WORK REQUIRED
Once you find the line with "Merry and Bright" in the listing below, set down exactly every line from it through the line with "Universal 230 Volt", but no pictures.

RECORD SET
● ● ●

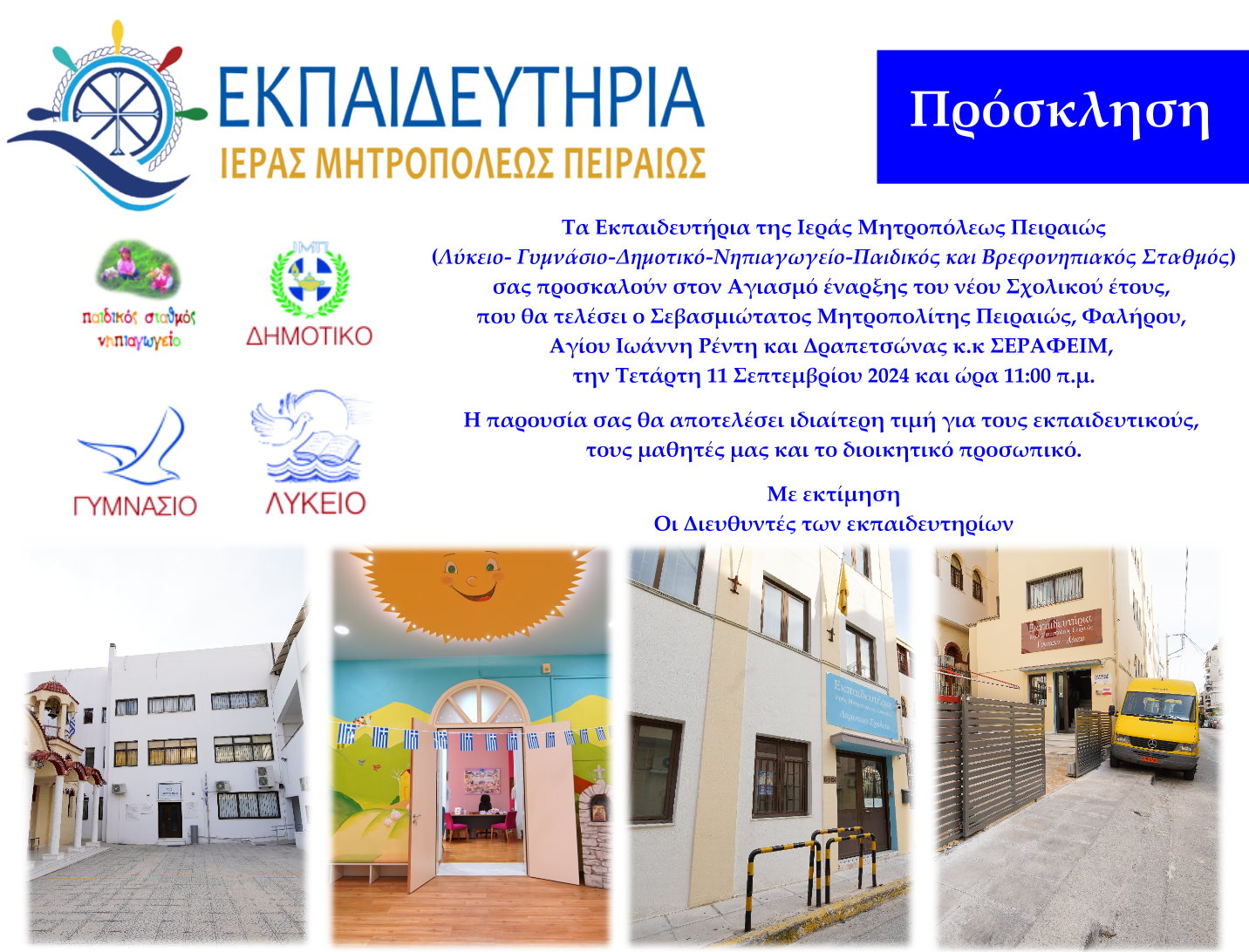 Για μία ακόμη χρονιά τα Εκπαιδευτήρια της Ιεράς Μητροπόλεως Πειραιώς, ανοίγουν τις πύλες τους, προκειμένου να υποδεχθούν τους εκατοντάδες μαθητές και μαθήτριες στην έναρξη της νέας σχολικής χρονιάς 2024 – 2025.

● ● ●

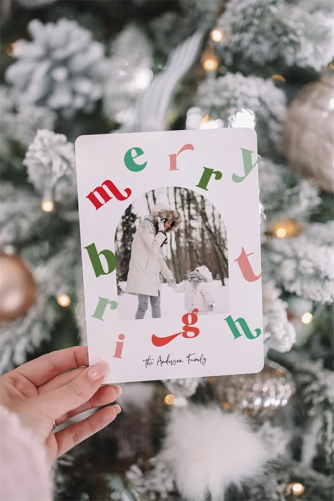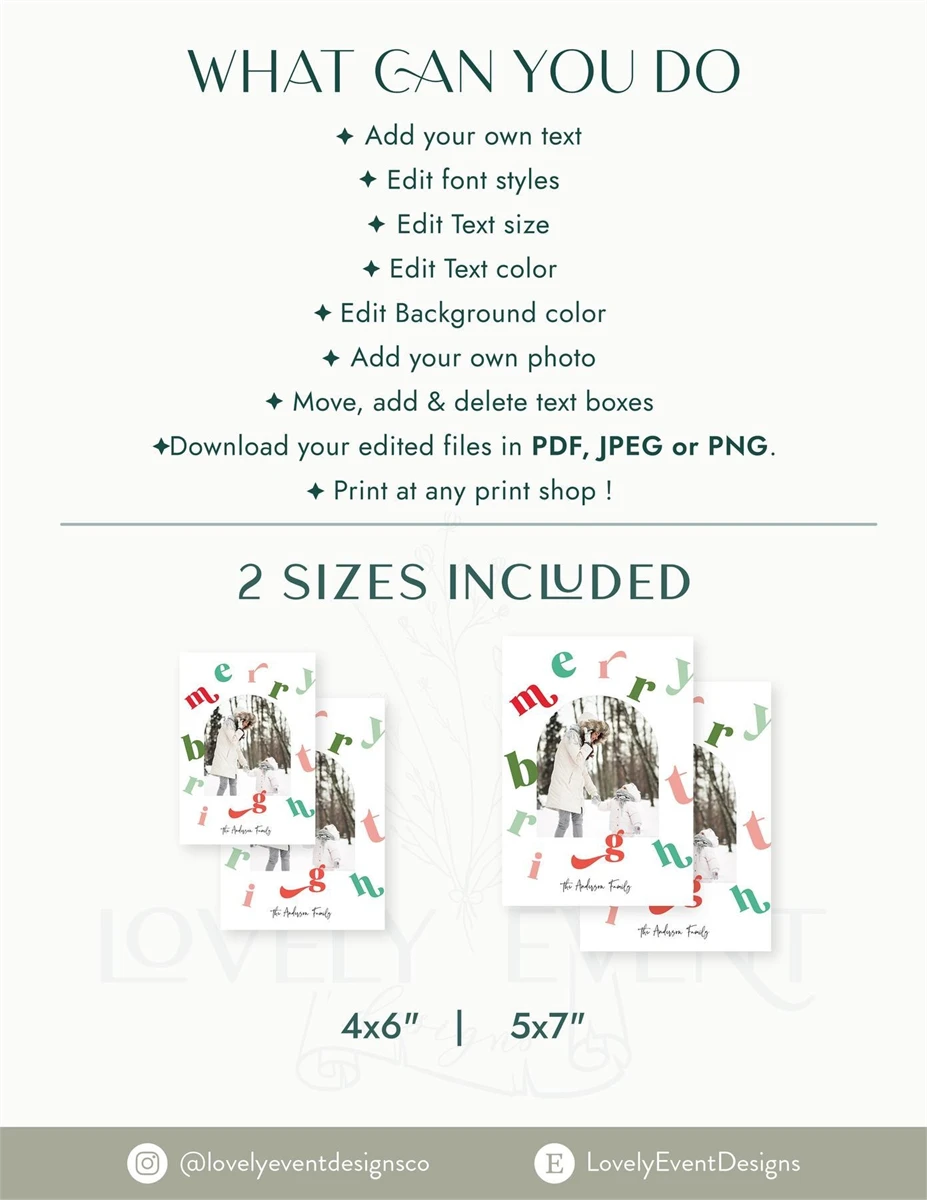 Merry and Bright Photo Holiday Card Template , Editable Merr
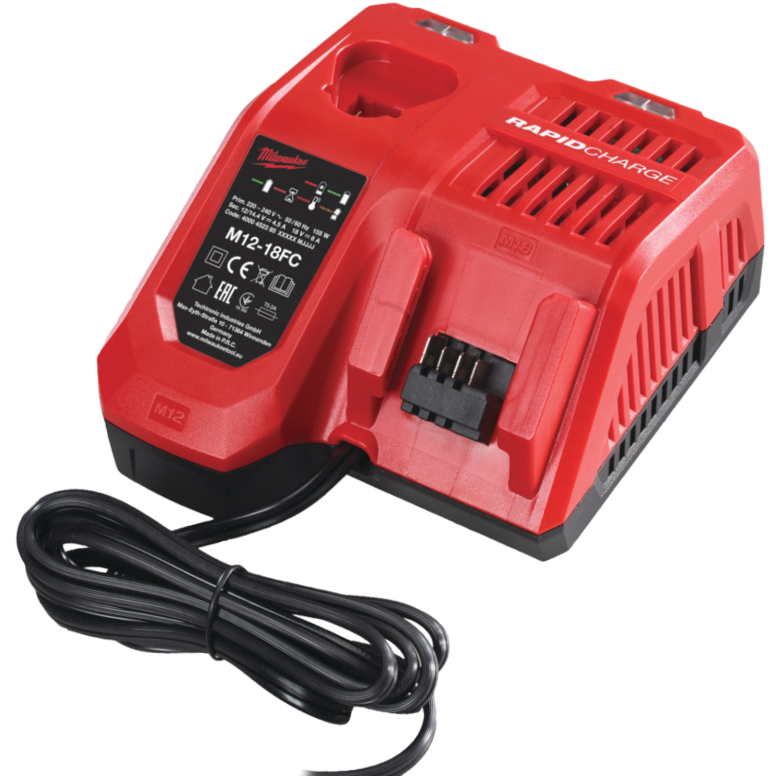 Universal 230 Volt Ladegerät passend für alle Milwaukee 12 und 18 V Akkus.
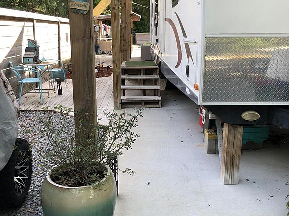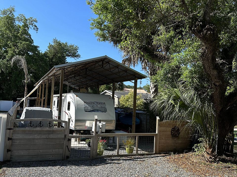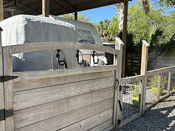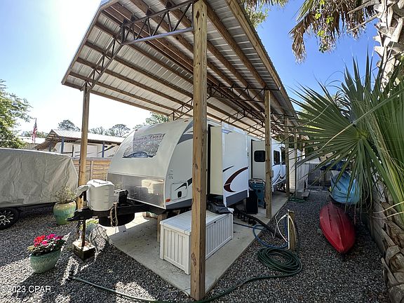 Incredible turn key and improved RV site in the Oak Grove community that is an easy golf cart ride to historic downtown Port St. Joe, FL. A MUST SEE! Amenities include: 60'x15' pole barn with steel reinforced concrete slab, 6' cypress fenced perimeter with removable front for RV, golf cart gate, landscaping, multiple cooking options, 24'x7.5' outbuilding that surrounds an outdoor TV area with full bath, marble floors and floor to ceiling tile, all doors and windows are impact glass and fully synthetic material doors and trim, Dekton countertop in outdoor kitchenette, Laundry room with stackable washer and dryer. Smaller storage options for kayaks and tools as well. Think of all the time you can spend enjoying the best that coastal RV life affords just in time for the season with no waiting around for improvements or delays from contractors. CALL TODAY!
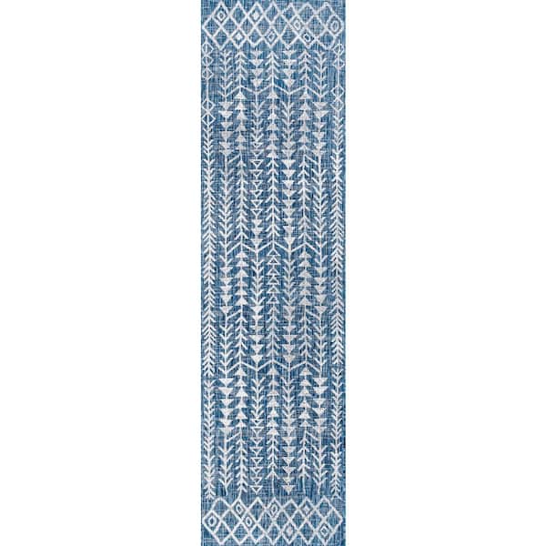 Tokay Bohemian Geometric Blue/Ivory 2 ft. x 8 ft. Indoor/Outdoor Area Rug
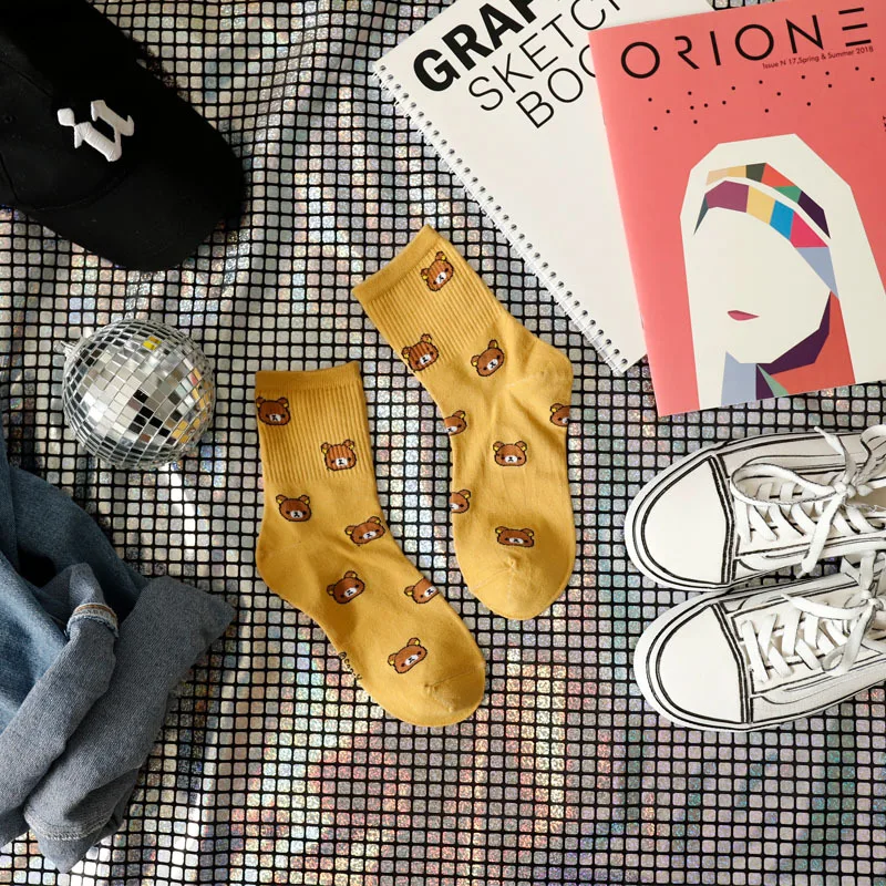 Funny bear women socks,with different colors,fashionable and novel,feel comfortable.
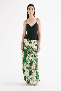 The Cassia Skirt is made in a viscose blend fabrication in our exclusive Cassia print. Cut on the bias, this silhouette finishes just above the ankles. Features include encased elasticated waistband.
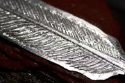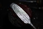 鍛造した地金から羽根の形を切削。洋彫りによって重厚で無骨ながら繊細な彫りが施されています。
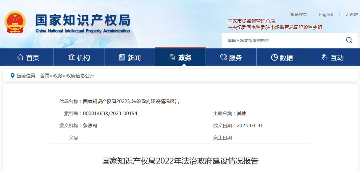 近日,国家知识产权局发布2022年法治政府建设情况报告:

● ● ●

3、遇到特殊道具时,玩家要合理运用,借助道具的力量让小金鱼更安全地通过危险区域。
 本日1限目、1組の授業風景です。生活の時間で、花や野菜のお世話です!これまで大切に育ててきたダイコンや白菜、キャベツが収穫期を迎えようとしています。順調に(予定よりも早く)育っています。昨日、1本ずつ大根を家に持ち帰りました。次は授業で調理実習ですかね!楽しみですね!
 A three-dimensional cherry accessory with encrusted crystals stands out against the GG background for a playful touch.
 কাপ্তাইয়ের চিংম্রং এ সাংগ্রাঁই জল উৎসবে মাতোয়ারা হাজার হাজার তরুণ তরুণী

● ● ●

EXERCISE OUTPUT
 Merry and Bright Photo Holiday Card Template , Editable Merr
 Universal 230 Volt Ladegerät passend für alle Milwaukee 12 und 18 V Akkus.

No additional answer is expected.